Collapsible prosthetic heart valve with improved cuff attachments to address leakage, durability, and crimp profile. The cuff is coupled to struts at multiple points using sutures, rather than just at the top and bottom. This allows the cuff to closely follow the shape of the struts, reducing gaps between the valve and native annulus. The cuff thickness can also vary to better match the strut thickness. This improves seal and reduces leakage. The cuff material can be porous with expandable microspheres to promote tissue growth for better anchoring. Adding a buffer layer between the cuff and struts can reduce wear and prolong valve life.

Collapsible, expandable tissue-based replacement heart valves that can be delivered percutaneously and implanted in the mitral valve without open surgery. The valves have a unique crescent shape with an atrial portion to prevent leakage and a ventricular portion to displace diseased leaflets. They also have fixation members that lock into the mitral annulus. The valves can be crimped and delivered through catheters, then expanded in place. The atrial portion conforms to the annulus, and the fixation members secure the valve. The valves have flexible prosthetic leaflets that coapt with the native leaflets. The design aims to prevent dislodgement, paravalvular leakage, and further mitral annulus dilation.

A prosthetic heart valve design to minimize stress on the valve leaflets for improved durability. The valve has a collapsible stent frame with flexible connections between the stent cells. The flexible stent has a main body with proximal and distal ends, support struts, and one or more support posts. The stent cells at the proximal and distal ends are longitudinally spaced apart.

Heart valve design with a unique interconnection between the leaflets and frame that allows folding and unfolding of the implant.

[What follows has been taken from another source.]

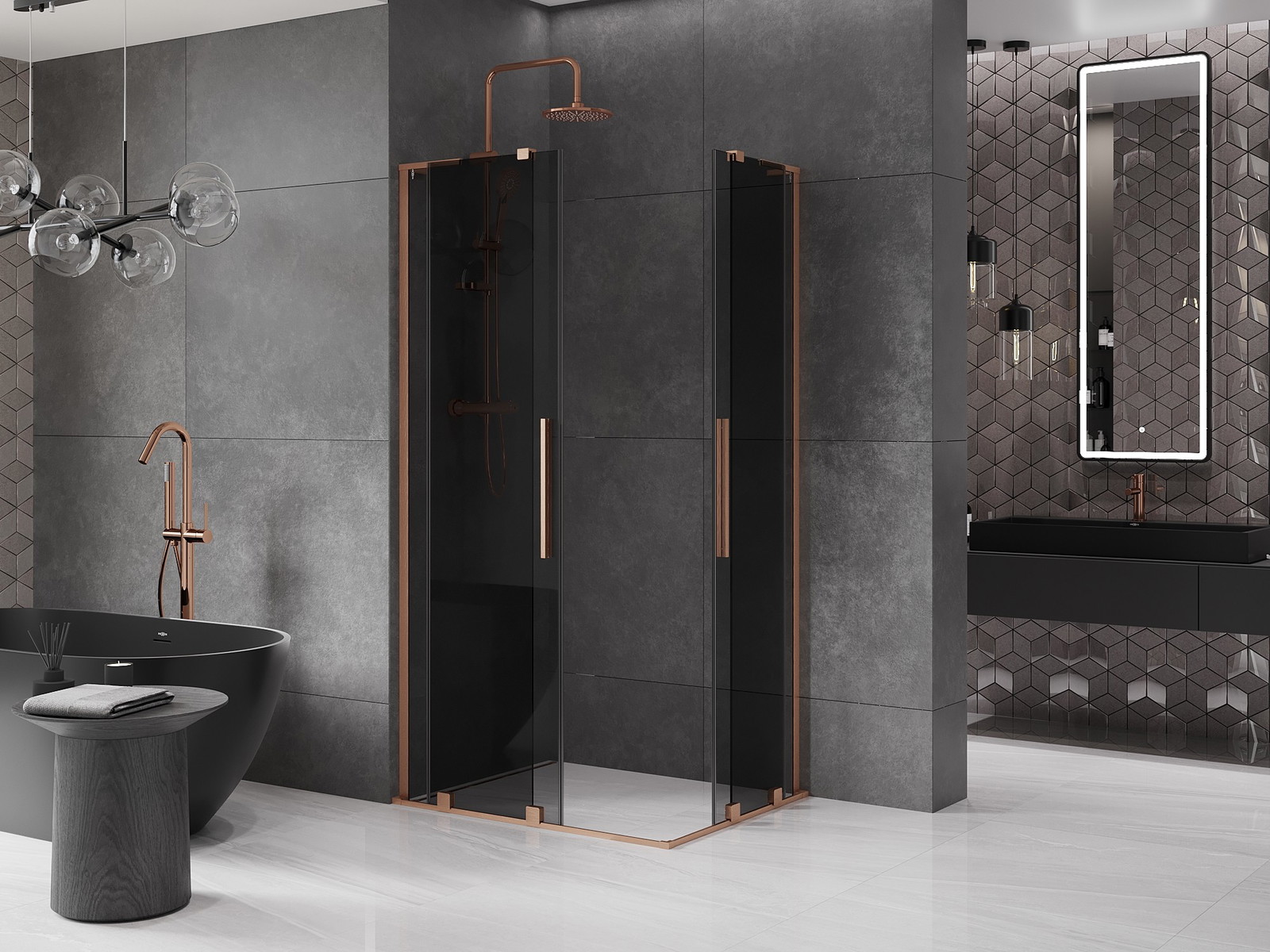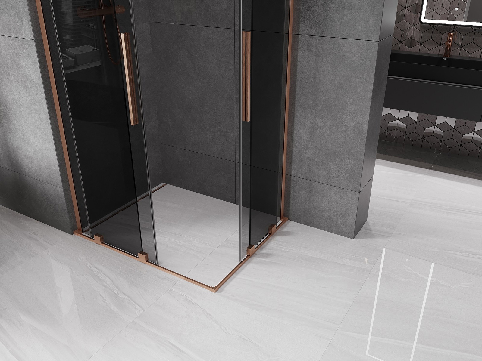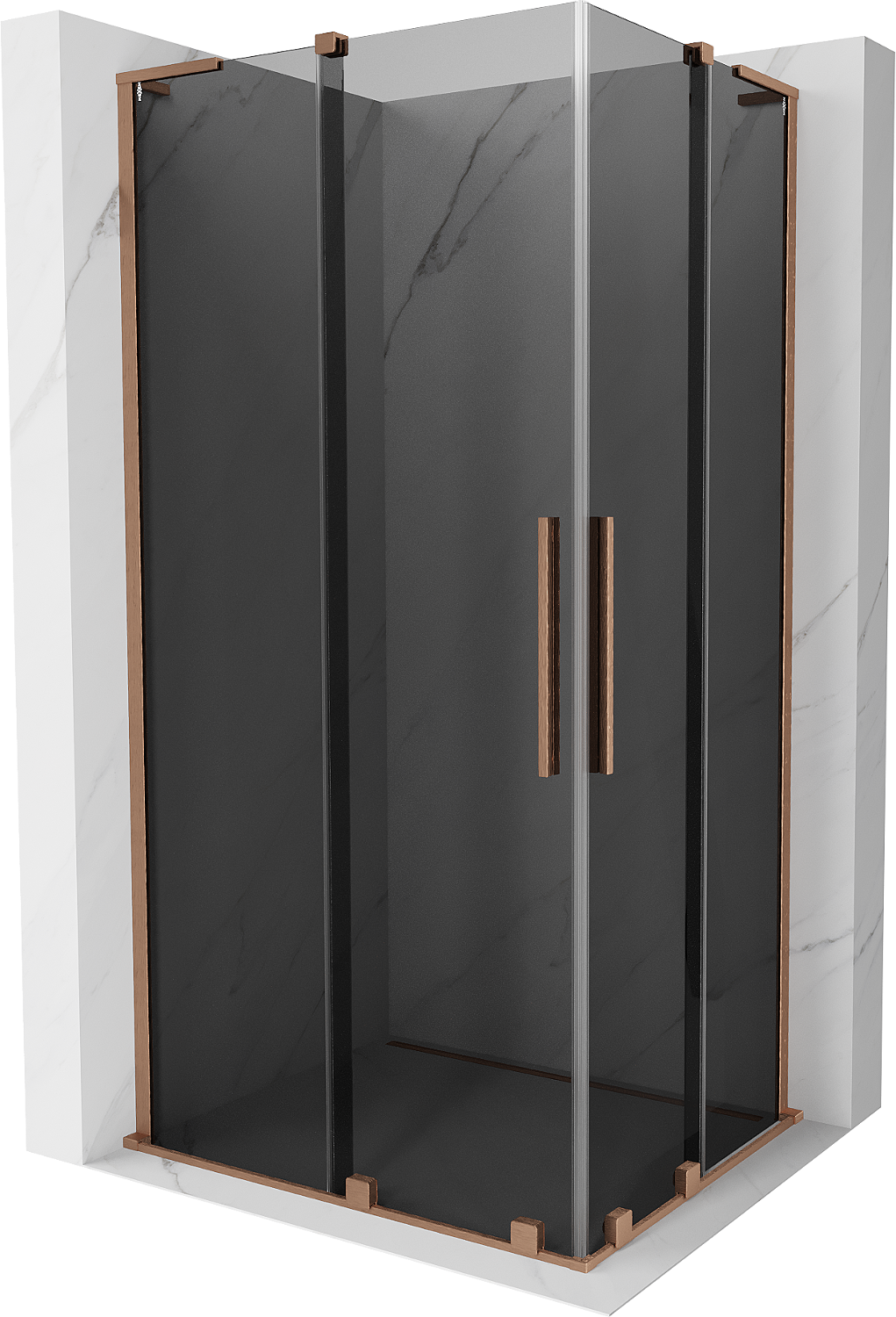 Mexen Velar L Duo stumdoma dušo kabina 100 x 90 cm, grafitas, šlifuota varis - 871-100-090-02-43-65

The valve has a crown piece connecting the leaflets to the frame. The crown piece is sewn directly to the frame posts using sutures through holes. This allows the valve to fold by collapsing the posts and unfold by expanding them. The crown piece also has sections that overlap and sew to the posts, further aiding folding. The valve can be folded and implanted using tension threads. The folded valve has a reduced diameter.

A heart valve replacement system for treating valve diseases like pulmonary valve stenosis or regurgitation. The replacement valve has a stent with bent sections to conform to the native pulmonary artery shape, and adjustable length sections for custom fitting. The valve also has prosthetic leaflets with prongs that attach to the stent. This allows secure anchoring of the valve in place during cardiac cycles. The valve can be compressed for catheter delivery, then expanded in the heart.